Мэтью с тяжелым вздохом устраивается рядом. В палатке повисает тяжелое молчание.
– По-моему, ты слишком ко мне привязалась, – заявляет Мэтью.
В горле моментально встает комок. Поразительно, насколько сокровенные чувства близки к поверхности.
– А ты ко мне нет? – Мэй берет его за руку, но Мэтью высвобождается.
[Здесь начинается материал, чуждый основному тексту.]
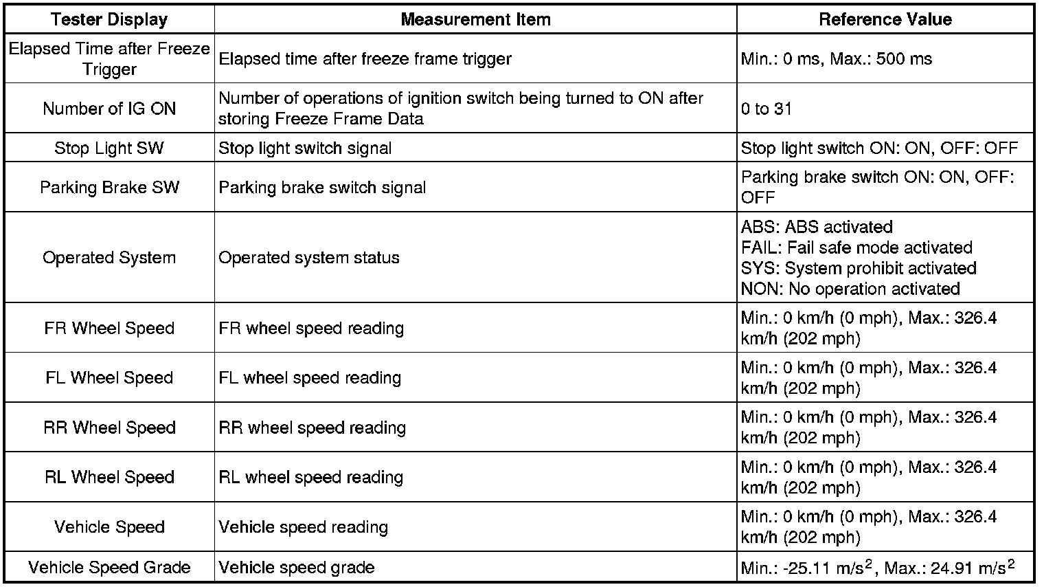 * Freeze Frame Data at the time the ABS operates:
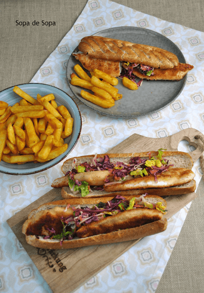 ¡¡Os traigo el capricho del fin de semana!! Unos estupendos sándwiches rellenos de escalope de pollo, con variado de coles, zanahoria y lechuga, para darle ese frescor a todo el conjunto. ¡No me digáis que no es una maravilla!Por aquí de repente han bajado las temperaturas brutalmente, así, que lo que mas apetece es quedarse en casa, sofá, peli y bocata jejeDe estos sándwiches hay muchas versiones ...

– Представь ситуацию. – Судя по тону, он хочет задать ей очередную задачку, абстрактный пример, почерпнутый из философских книг. До чего утомительными бывают эти бесконечные диалоги о нравственности, каждодневные логические рассуждения – особенно по ночам.
– Допустим, я тону, а рядом тонут двое незнакомцев. Кого ты спасешь? Меня или их?
– Сам как думаешь? – спрашивает Мэй.
Ясно, к чему он клонит, но оправдать его надежды значит солгать. Разумеется, она спасет его, без вариантов. За все это время Мэй не осмелилась сказать «люблю», хотя другого слова не подобрать.
– Неправильный выбор, – констатирует Мэтью.
Снаружи нарастает вой сирен, красные отблески мигалок озаряют лицо.
– Две жизни всегда ценнее одной, пусть даже речь идет о жизни знакомого человека, – припечатывает Мэтью.
– Ты не просто знакомый, – парирует Мэй, уязвленная его холодностью. – Хочешь сказать, ты бы меня не спас?
– Да пойми, любовь – совершенно безнравственное чувство, поэтому я в нее не верю.
Фраза звучит как пощечина, лишнее напоминание, что они знакомы всего пару недель. Словно земля уходит из-под ног.
Мэтью продолжает сыпать примерами, но Мэй не слушает. К счастью, во мраке палатки не видно ее слез. Однако они текут ручьем. Долго их не скроешь. Неужели она совсем не знает этого парнишку, который не торопится с утешениями, даже когда она начинает всхлипывать?
– Вот об этом я и толкую, – вздыхает Мэтью. – Ты слишком прикипела.
Мэй охватывает невыносимая тоска по родителям, смутное воспоминание из одинокого детства: родные хотя бы о ней беспокоились.
– Почему ты такой жестокий? – спрашивает Мэй сквозь слезы.
Вместо ответа Мэтью расстегивает молнию палатки.
– Ты так и не поняла.
Он спешит прочь, словно мечтает поскорее избавиться от нее, освободиться. Взметая сухие листья, Мэтью растворяется в ночи, Мэй остается наедине с пением сверчков, отдаленным рокотом вертолетов и болью в сердце.